The speech ended days with her out of public view. The Democratic political class hailed her as a forerunning hero. But the voters who felt seen by a statewide candidate for office didn’t vote for a forerunner. “We are just in a crazy, messed-up situation right now that everybody’s talking about,” Latasha said. “I personally feel disrespected because our ancestors worked hard so that we could have the right to vote.”

Abrams signaled her own place in the fight for voting rights in her election night speech, coming out to address supporters dressed in the Columbia blue of her alma mater, Spelman College. “Spelman College students and students from the entire Atlanta University Center were on the front line of the civil rights movement, and the battle to win the 1965 Voting Rights Act was hard fought,” the college's president, Mary Schmidt Campbell, told BuzzFeed News. “Our students are in the vanguard of what is the next chapter of that fight.”

Spelman students interviewed for this story said they saw Abrams signaling she would be, as is sung in the school’s hymn, “undaunted by the fight.” Latasha agreed. “For me, once you have your mind made up as a black woman, there’s nothing that can stop you, and I see a lot of myself in her.
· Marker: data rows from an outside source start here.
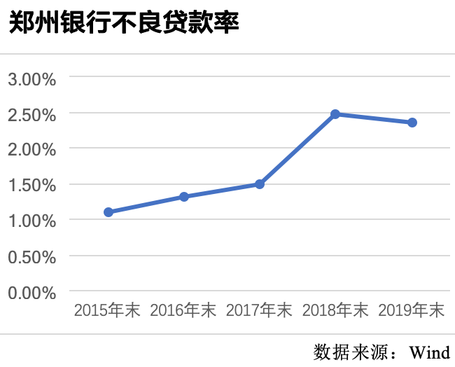 值得注意的是,在上市银行中,郑州银行不良贷款率持续偏高。截至2019年末,该行不良贷款率为2.37%,虽然较上年末降低0.1个百分点,但依然高于商业银行1.86%的整体水平,在纳入统计的35家上市银行中高居第三。郑州银行称,其制定不良资产三年处置方案以及风险资产管理专项激励方案,“开展风险资产管理包干制”,“进一步加大不良资产核销力度”。
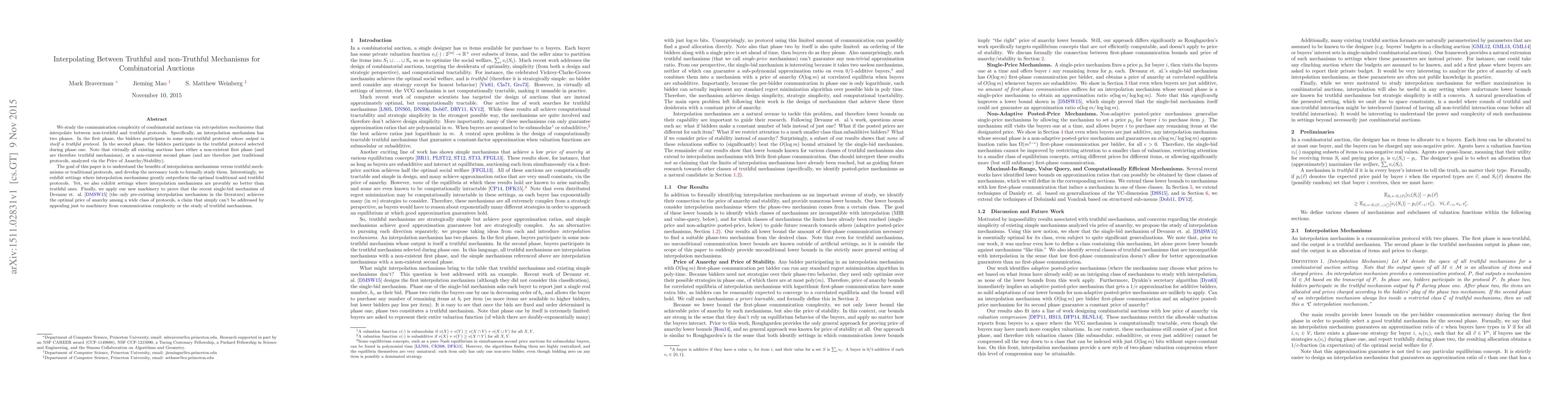 We study the communication complexity of combinatorial auctions via interpolation mechanisms that interpolate between non-truthful and truthful protocols. Specifically, an interpolation mechanism has two phases. In the first phase, the bidders participate in some non-truthful protocol whose output is itself a truthful protocol. In the second phase, the bidders participate in the truthful protocol selected during phase one. Note that virtually all existing auctions have either a non-existent first phase (and are therefore truthful mechanisms), or a non-existent second phase (and are therefore just traditional protocols, analyzed via the Price of Anarchy/Stability). The goal of this paper is to understand the benefits of interpolation mechanisms versus truthful mechanisms or traditional protocols, and develop the necessary tools to formally study them. Interestingly, we exhibit settings where interpolation mechanisms greatly outperform the optimal traditional and truthful protocols. Yet, we also exhibit settings where interpolation mechanisms are provably no better than truthful ones. Finally, we apply our new machinery to prove that the recent single-bid mechanism of Devanur et. al.~\cite{DevanurMSW15} (the only pre-existing interpolation mechanism in the literature) achieves the optimal price of anarchy among a wide class of protocols, a claim that simply can't be addressed by appealing just to machinery from communication complexity or the study of truthful mechanisms.
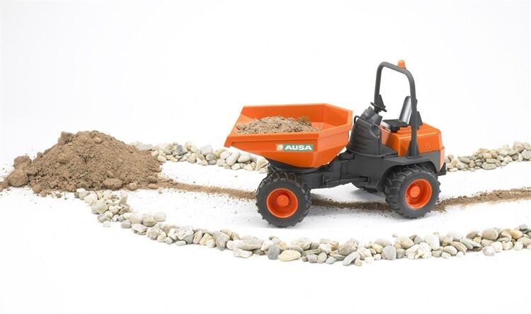 BRUDER ergänzt das überaus erfolgreiche Sortiment der kleineren Baufahrzeuge um einen so genannten Minidumper, Hierbei handelt es sich meistens um knickgelenkte, kompakte Maschinen, die den Transport von bis zu 4 Tonnen Last auf unebenen und schwer zugänglichem Gelände ermöglichen, Mit Hilfe des Allradantriebs und ihrer Knicklenkung wird eine enorme Wendigkeit erzielt, wobei alle vier Räder in ständigem Bodenkontakt gehalten werden, Als Vorbild für das neue BRUDER Modell dient der Dumper D 350 AHG der spanischen Firma AUSA, Wie das Vorbild, verfügt der BRUDER Dumper über eine Knicklenkung, eine drehbare Kippmulde und zeichnet sich, wie das Original, durch eine hohe Geländegängigkeit aus, Das Fahrzeug ist mit einer Heckkupplung ausgestattet, das ermöglicht die Kombination mit zahlreichen Anhängern des BRUDER Produktprogramms, Mit Knicklenkung, Mulde dreh- und kippbar, abnehmbare Heckkupplung, Profilreifen aus hochwertigen Kunststoffen, Maßstab 1:16, Geeignet für Kinder ab 3-8 Jahren, Maße: 26,7 x 12,4 x 17 cm
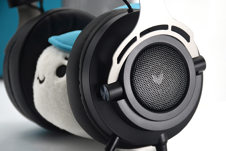 这款耳机梁架转轴的开合角度略有些小,但佩戴后耳罩能够贴合绝大多数玩家的脸型,实用性还是很不错的。转轴表面的高密度CD纹路很有质感,同时镂空式的梁架设计让耳机看上去不会显得臃肿。
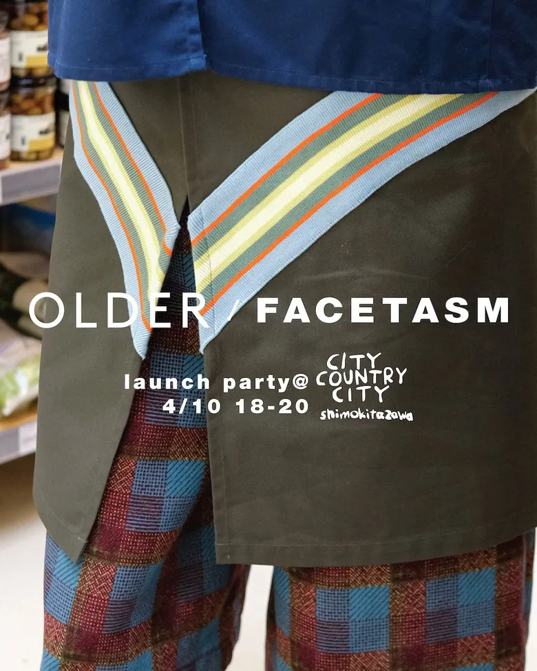 この特別なコラボレーションのローンチを記念して、4月10日(木)に下北沢のカフェ・レコードショップCITY COUNTRY CITY(以下CCC)にてローンチパーティが開催される。このイベントでは、コラボレーションによるOLDER x FACETASMコレクションに加え、OLDERのアーカイブアイテムも特別に展示し、両ブランドの世界観を味わえる。当日は、展示コレクションを拝見するだけでなく、OLDERと<FACETASM>のチームとの交流や、CCCとOLDER Studio共同創設者Morten Thuesenによる特別なプレイリストを楽しむことができる。誰でも入場可能となっており、詳しくは FACETASMの公式Instagram(@facetasmtokyo)にて確認することができる。

She was just, like, ‘nothing is going to stand in my way,’ and she’s been communicating to me like that, to me, this whole time. She’s been speaking to me.”

Abrams’ candidacy brought her personal ambition to the fore — she had planned to run for governor for a decade or more, and makes no secret of her desire to one day be president. Abrams told BuzzFeed News in 2017 how she interpreted how her fearlessness played with black women in particular. “For black women who have consistently been the backbone of movements and parties, there is something both heartening and pressing about finally having someone who gets to be in front. There’s a tendency to think that it’s a reductive thing to mention that I’m black and that I’m the first black woman, and there are people who say, ‘No, no, no, that’s just part of who you are.’ And it is. And it should never be the only thing you know about me. But for black women, the fact that it’s something means sometimes it’s everything.”

The idea that Abrams would be the first black woman elected governor took a backseat in her fight for a runoff election, which would have taken place if neither candidate surpassed 50% of the vote. But Abrams’ election night choice of blue was a clear signal that her push for a runoff was not just about her unwillingness to concede a brutal election she’s spent years working toward, but about the responsibility she feels to the history of a movement.

Aimee Allison, the president of Democracy in Color, which advocates for broad changes in politics based on data showing the possibility of a progressive, multiracial electorate, said Abrams’ ability to build a coalition in Georgia has “shown the country that black women are the saving graces of our democracy,” she said.

Emaan England, a native Atlantan and Spelman graduate, said, “What is radical about Spelman College is that black women are taught from the moment they step on campus that they are being uniquely prepared to change the world and that they have an obligation to do so. Stacy has built her experience through her service for the state of Georgia, but the fight in Stacey is from Spelman.”

There is also now the question of how the legacy of the race affects the next generation of voters. Abrams’ loss felt so final so suddenly that already Georgians were ready to talk about how it would affect them. Abrams spoke on election night of the choice between “division and trickery, or a leadership that defends your rights, your kids, your community and your right to vote in America.” Abrams, her supporters said, was down to earth. She was authentic. She, in the words of one interviewee, “told all her business.” And still. “This is going to affect the younger generation’s attitude about voting. They already feel like it doesn’t matter.”

Latasha’s mind was on her 9-year-old boy, Carling, the smart, determined son of a military family who, like Abrams, wants to be president. “It’s things like this that makes me scared for him,” she said.

“I just don’t want this to hold him back.”